Closed sbma44 closed 13 years ago
have asked Eric for his take on why there might be two Blanch Lincolns at that first link. Given the duplicates, I'm guessing that this is either an API error or that we just need to filter the records that are coming back in some way.
All congressperson pictures are identified by bioguide ID. On the first link, the second "Blanche Lincoln" has a bioguide ID of L000555, which as it turns out, is a valid bioguide ID for her, but as a redirect to an alternate spelling of her name: http://bioguide.congress.gov/scripts/biodisplay.pl?index=L000555
On the second page, Rod Grams has been out of office since 2001, and our Legislator API doesn't go back that far (it goes back to, I believe, the 110th Congress that started in Jan of 2007): http://bioguide.congress.gov/scripts/biodisplay.pl?index=G000367
Same for Gilbert Gutknecht, he's just too old: http://bioguide.congress.gov/scripts/biodisplay.pl?index=G000536
On the third page, Christensen is the victim of another separate-ID-for-alternate-spelling: http://bioguide.congress.gov/scripts/biodisplay.pl?index=C001039
How do we end up with these alternate bioguide IDs? They don't appear in our Sunlight API, so I guess Capitol Words does name->bioguide resolution using an alternate source?
For the issue with older Congresspersons, this is going to be widespread if we're going back far enough. Here are two issues missing Grams, and also Tom Daschle: http://capitolwords.org/date/2000/12/14/S11774-2-serving-in-the-senate http://capitolwords.org/date/1998/09/17/S10501-2-sense-of-the-senate-regarding-puerto-rico
I think our choices there are either to do a very comprehensive retroactive update of our photo database, or find a cute "this user hasn't uploaded a profile picture!" image to use where we don't have one.

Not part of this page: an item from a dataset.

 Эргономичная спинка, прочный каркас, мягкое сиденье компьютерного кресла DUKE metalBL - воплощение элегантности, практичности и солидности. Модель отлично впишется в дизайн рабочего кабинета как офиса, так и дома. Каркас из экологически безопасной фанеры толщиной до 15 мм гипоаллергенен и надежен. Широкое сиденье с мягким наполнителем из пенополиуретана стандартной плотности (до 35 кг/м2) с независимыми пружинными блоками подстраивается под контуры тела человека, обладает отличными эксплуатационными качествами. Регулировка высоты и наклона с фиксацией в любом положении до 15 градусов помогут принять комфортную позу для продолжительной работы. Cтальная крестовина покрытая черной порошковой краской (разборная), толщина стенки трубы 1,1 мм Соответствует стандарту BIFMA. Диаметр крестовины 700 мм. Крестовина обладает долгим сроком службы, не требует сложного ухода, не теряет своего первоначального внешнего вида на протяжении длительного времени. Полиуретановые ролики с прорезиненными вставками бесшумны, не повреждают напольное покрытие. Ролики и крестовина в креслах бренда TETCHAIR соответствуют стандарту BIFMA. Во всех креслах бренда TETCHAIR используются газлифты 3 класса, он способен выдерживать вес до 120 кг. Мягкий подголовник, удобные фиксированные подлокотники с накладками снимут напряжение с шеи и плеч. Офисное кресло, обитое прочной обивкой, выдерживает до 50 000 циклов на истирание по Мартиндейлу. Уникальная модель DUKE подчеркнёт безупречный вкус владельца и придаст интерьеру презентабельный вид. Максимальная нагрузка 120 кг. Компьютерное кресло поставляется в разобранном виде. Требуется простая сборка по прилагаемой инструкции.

Thanks for looking at this so quickly! Yeah, Aaron filled me in shortly after I emailed you and told me that the project's wide date range forced him to use a custom solution. Sounds like either Javascript suppression or getting Tim to generate a list of 404s (though I doubt logging was turned on for that bucket) for generic image placement is the way to go. Unfortunately the S3 media hosting eliminates the possibility of a more elegant nginx fix.

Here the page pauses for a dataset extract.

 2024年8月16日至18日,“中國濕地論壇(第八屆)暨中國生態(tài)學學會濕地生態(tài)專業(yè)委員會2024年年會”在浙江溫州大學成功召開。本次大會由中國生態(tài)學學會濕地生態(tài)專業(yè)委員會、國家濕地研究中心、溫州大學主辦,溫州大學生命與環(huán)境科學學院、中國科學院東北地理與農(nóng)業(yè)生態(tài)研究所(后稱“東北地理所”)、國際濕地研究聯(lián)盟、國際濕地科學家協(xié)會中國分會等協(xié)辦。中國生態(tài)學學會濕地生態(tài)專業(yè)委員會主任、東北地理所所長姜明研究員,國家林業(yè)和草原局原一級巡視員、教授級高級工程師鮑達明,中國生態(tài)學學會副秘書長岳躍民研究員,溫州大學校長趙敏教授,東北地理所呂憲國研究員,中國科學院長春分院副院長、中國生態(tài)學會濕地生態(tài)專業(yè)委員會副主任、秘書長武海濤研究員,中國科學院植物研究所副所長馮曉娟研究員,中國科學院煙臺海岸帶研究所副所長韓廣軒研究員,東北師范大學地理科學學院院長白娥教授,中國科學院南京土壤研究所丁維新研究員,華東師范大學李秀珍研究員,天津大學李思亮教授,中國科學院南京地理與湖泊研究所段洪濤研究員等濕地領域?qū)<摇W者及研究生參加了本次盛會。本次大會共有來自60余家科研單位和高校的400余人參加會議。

Perhaps I'm missing something and there's a way to detect a missing photo in advance during page rendering, but I don't see how. I guess we could look the bioguide up against a list of all the photos we have -- maybe that's not too inefficient. Hacky, though.
I think your assessment is basically right, though generating a JavaScript array of known valid bioguide IDs from the legislator API is not hard to do and keep up to date if CW downloads the CSV of legislator info every night. If the bioguide ID from the CR isn't in the array, display the no-photo pic.
As to the alternate solution of filling out our photo database - James has some code to automatically fetch and correctly size legislator photos, I don't know how easily it could be adapted to serve older Congresses. It'd be neat if we could just take the list of distinct bioguide IDs that appear in the CapitolWords database and use it to generate a much more complete set of photos. It'd be fine to have photos of legislators that don't appear in the API.
Fixed in d0359d, current behavior is to hide images. A slight tweak could replace them with our 'no photo available' placeholder.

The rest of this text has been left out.